SECURITIES AND EXCHANGE COMMISSION

WASHINGTON, DC 20549

 

 

FORM 8-K

 

 

CURRENT REPORT

Pursuant to Section 13 or 15(d)

of the Securities Exchange Act of 1934

Date of report (Date of earliest event reported): April 29, 2025

 

 

Goldman Sachs Private Credit Corp.

(Exact name of Registrant as Specified in Its Charter)

 

 

 

Delaware   814-01627   92-3241797

(State or other jurisdiction

of incorporation)

 

(Commission

File Number)

 

(IRS Employer

Identification Number)

 

200 West Street

New York, NY

  10282
(Address of principal executive offices)   (Zip Code)

(312) 655-4419

(Registrant’s telephone number, including area code)

 

 

Check the appropriate box below if the Form 8-K filing is intended to simultaneously satisfy the filing obligation of the registrant under any of the following provisions:

 

Written communications pursuant to Rule 425 under the Securities Act (17 CFR 230.425)

 

Soliciting material pursuant to Rule 14a-12 under the Exchange Act (17 CFR 240.14a-12)

 

Pre-commencement communications pursuant to Rule 14d-2(b) under the Exchange Act (17 CFR 240.14d-2(b))

 

Pre-commencement communications pursuant to Rule 13e-4(c) under the Exchange Act (17 CFR 240.13e-4(c))
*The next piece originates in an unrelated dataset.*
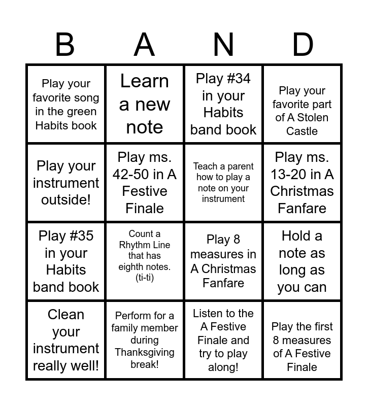 This bingo card has 16 words: Perform for a family member during Thanksgiving break!, Hold a note as long as you can, Play #34 in your Habits band book, Play your favorite song in the green Habits book, Play #35 in your Habits band book, Learn a new note, Play 8 measures in A Christmas Fanfare, Listen to the A Festive Finale and try to play along!, Play your instrument outside!, Play ms. 42-50 in A Festive Finale, Clean your instrument really well!, Play your favorite part of A Stolen Castle, Count a Rhythm Line that has eighth notes.(ti-ti), Play ms. 13-20 in A Christmas Fanfare, Teach a parent how to play a note on your instrument and Play the first 8 measures of A Festive Finale.

Securities registered pursuant to Section 12(b) of the Act:

 

Title of each class

 

Trading
Symbol(s)

 

Name of each exchange
on which registered

N/A   N/A   N/A

Indicate by check mark whether the registrant is an emerging growth company as defined in Rule 405 of the Securities Act of 1933 or Rule 12b- 2 of the Securities Exchange Act of 1934.

Emerging growth company

If an emerging growth company, indicate by check mark if the registrant has elected not to use the extended transition period for complying with any new or revised financial accounting standards provided pursuant to Section 13(a) of the Exchange Act.

 

 
 


Item 8.01

Other Events.

On April 29, 2025, Goldman Sachs Private Credit Corp. (the “Company”, “we” or “our”) priced an offering (the “Offering”) of (i) $400,000,000 in aggregate principal amount of its 5.875% notes due 2028 (the “2028 Notes”) and (ii) $600,000,000 in aggregate principal amount of its 6.250% notes due 2030 (the “2030 Notes” and together with the 2028 Notes, the “Notes”) in a private placement to persons reasonably believed to be qualified institutional buyers pursuant to Rule 144A under the Securities Act of 1933, as amended (the “Securities Act”), and to certain non-U.S. persons outside the United States pursuant to Regulation S under the Securities Act. The 2028 Notes will mature on May 6, 2028 and may be redeemed in whole or in part at the Company’s option at any time prior to April 6, 2028 at par value plus a “make-whole” premium and at par value on or thereafter. The 2030 Notes will mature on May 6, 2030 and may be redeemed in whole or in part at the Company’s option at any time prior to April 6, 2030 at par value plus a “make-whole” premium and at par value on or thereafter. The Offering is expected to close on May 6, 2025, subject to customary closing conditions.

The Company intends to use the net proceeds of this Offering to repay a portion of the outstanding indebtedness under its credit facilities and for general corporate purposes.

This announcement does not constitute an offer to sell or a solicitation of an offer to buy any of the Notes, nor shall there be any offer, solicitation or sale in any state or jurisdiction in which such an offer, solicitation or sale would be unlawful.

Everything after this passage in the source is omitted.